在他二人五六米遠處,站著一個玲瓏少女,白衣素裹,眉目清秀,一臉稚氣,不過十三四歲的年紀,但是目光冰冷如劍,正與青衫少年的怒目對峙。
兩人無聲,未動,如此安靜的對峙,持續了很久。直到楚伯玡醒來,才打破了這個僵局。
原本失去意識的楚伯玡,突然感覺胸腔一緊,禁不住大力嗆出聲來,遂覺體內一口悶氣順暢,全身舒展有力,彷彿活過來一樣!
他登時一個激靈,站起身來了,用力的眨著乾澀的眼睛。待視線變得清晰后,眼前的一幕,震驚或者匪夷所思都不足以表達他此時的內心感受。那些築城高牆的巨蟒,若是伸展之後怕是會有二十多米的長度吧!
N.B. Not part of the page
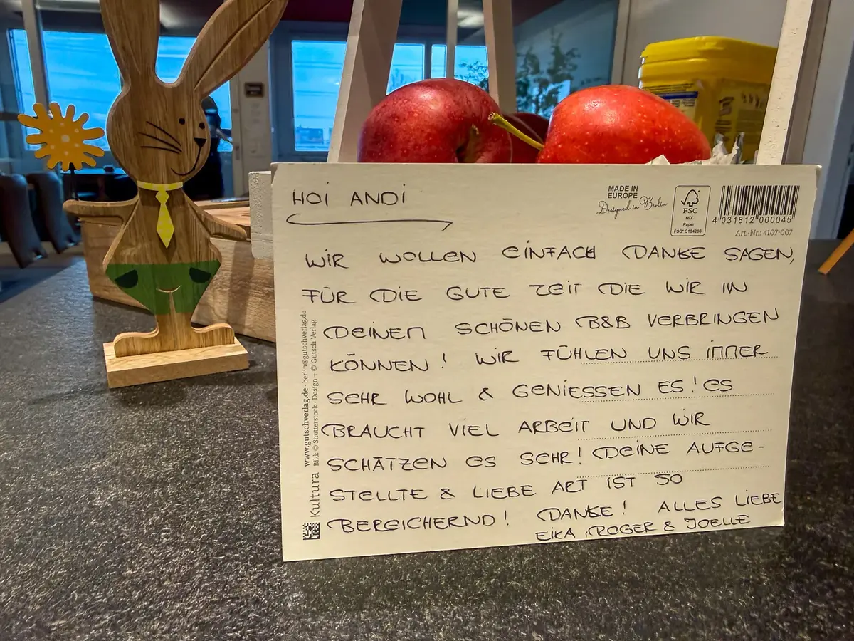 Geniessen Sie authentische Gastfreundschaft in unserem heimeligen BnB. Ob Sie geschäftlich unterwegs sind oder einfach eine Auszeit vom Alltag suchen – bei uns sind Sie genau richtig.

若是換在生前所見,這樣的場面,換做是誰,恐怕都會被嚇到癱軟無力吧。只是如今,他已經死了,一個死人,又何懼這些。楚伯玡當下只是覺得,不過是索取一個亡魂,擺出這樣的陣仗,未免過於浮誇。
青衫少年?白衣少女?楚伯玡看著遠近不一的兩人,以為他二人是陰間的勾魂使者,便拱手行禮,「請問,二位是陰間派來的使者么?」
青衫少年聞言,回過頭,卻是滿臉的激動之情難抑,雀躍上前立即抱住了楚伯玡,「公子,你醒了,太好了!」
這一舉動,無疑將楚伯玡嚇了一跳,下意識的推開青衫少年的手,內心不禁疑惑道,怎麼陰間的索魂使者,對待亡人之魂,都是這般親昵的舉動么?雖說身已死,但楚伯玡仍有些顧忌的往後躲開一步,他這時才發現,自己竟然立於水面之上!
青衫少年一怔,似乎未想到眼前的人竟會是這樣的反應,腦中靈光一閃,便低頭看了一下自己,即明白了其中的緣由,便馬上開口道,「公子,我是青風啊!」
青風?
楚伯玡搖搖頭,並未將青衫少年與自己的大黃狗聯繫起來,而是在半躲半移間挪開與他的距離。這裡,當真陰冷寒氣!楚伯玡感嘆到,將視線移向白衣少女時,只見她那一襲白衣長裙散著淡淡的光,清冷詭異。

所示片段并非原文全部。